- Work item
Pictures must not appear in your answer. Write out exactly the lines from the one with "活动当天,激动人心的启动仪式" through the last line of the entries below.

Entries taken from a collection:
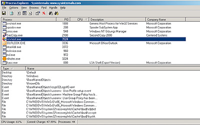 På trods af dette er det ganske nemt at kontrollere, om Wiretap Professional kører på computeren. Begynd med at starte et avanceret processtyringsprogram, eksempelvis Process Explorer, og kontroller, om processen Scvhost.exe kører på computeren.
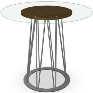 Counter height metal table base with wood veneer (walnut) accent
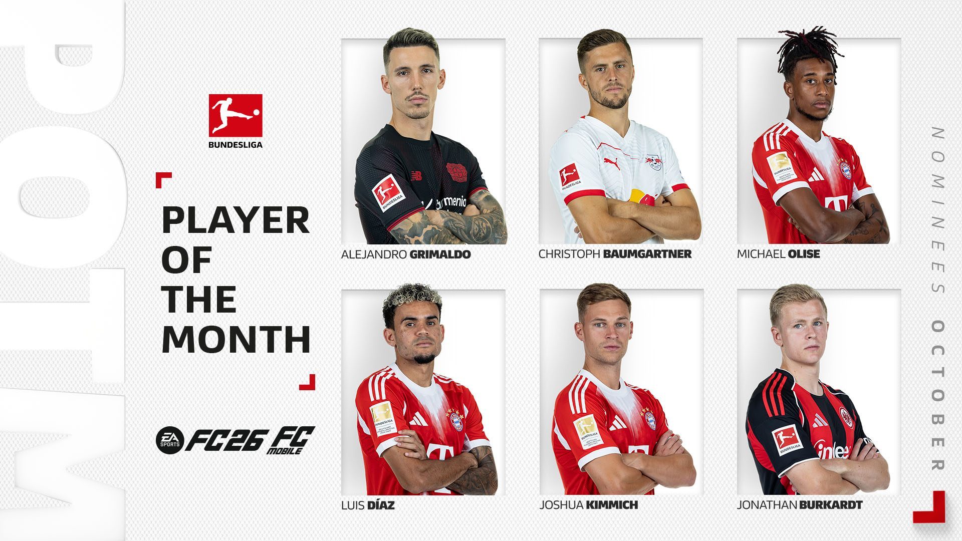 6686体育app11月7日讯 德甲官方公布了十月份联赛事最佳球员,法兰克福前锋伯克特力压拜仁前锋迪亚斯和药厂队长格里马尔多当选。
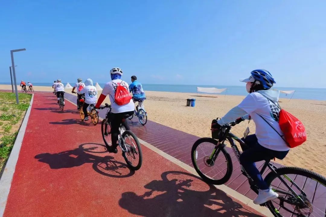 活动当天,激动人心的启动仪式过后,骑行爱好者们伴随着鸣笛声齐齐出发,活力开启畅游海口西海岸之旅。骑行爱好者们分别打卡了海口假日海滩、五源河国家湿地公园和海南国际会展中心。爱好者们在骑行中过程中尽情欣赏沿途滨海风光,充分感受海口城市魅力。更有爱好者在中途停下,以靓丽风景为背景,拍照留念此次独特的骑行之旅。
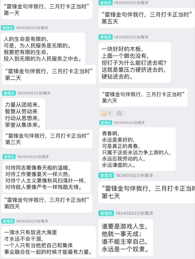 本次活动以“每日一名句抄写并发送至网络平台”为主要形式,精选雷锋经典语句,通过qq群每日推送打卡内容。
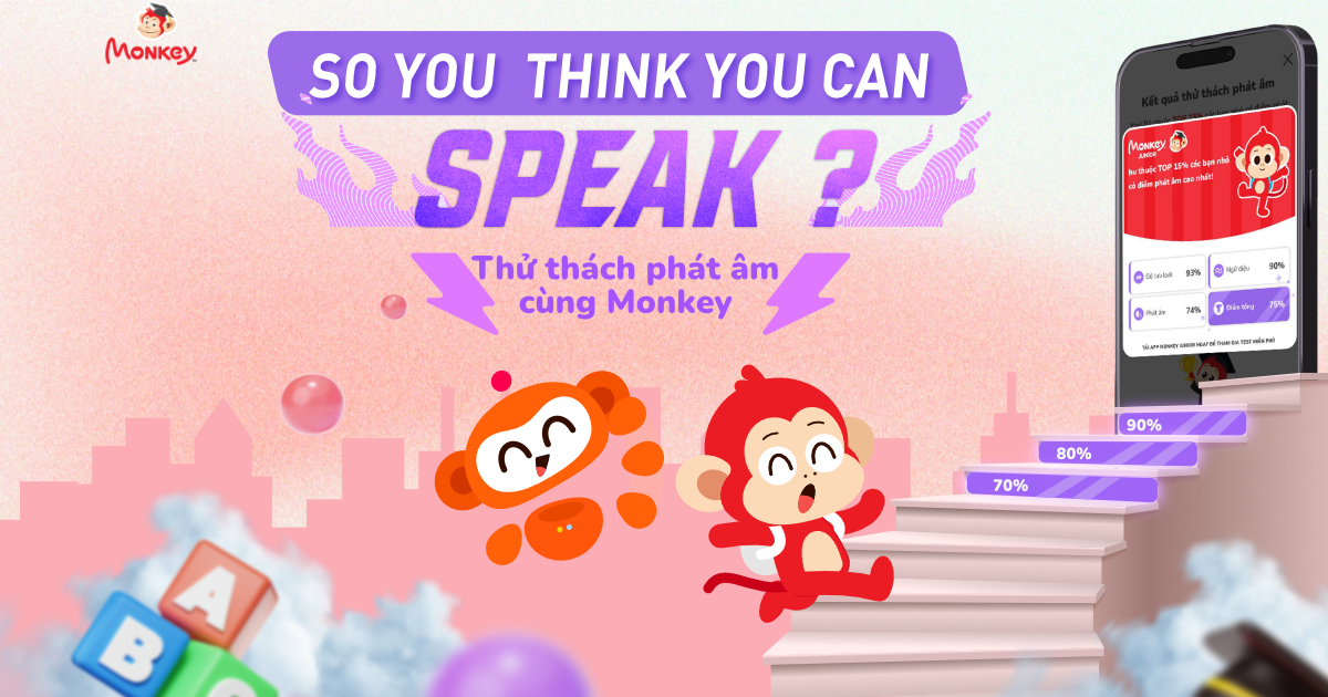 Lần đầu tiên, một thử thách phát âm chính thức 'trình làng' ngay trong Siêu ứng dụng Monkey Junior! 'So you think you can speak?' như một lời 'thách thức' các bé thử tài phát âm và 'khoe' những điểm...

- Solution for this task
 活动当天,激动人心的启动仪式过后,骑行爱好者们伴随着鸣笛声齐齐出发,活力开启畅游海口西海岸之旅。骑行爱好者们分别打卡了海口假日海滩、五源河国家湿地公园和海南国际会展中心。爱好者们在骑行中过程中尽情欣赏沿途滨海风光,充分感受海口城市魅力。更有爱好者在中途停下,以靓丽风景为背景,拍照留念此次独特的骑行之旅。
 本次活动以“每日一名句抄写并发送至网络平台”为主要形式,精选雷锋经典语句,通过qq群每日推送打卡内容。
 Lần đầu tiên, một thử thách phát âm chính thức 'trình làng' ngay trong Siêu ứng dụng Monkey Junior! 'So you think you can speak?' như một lời 'thách thức' các bé thử tài phát âm và 'khoe' những điểm...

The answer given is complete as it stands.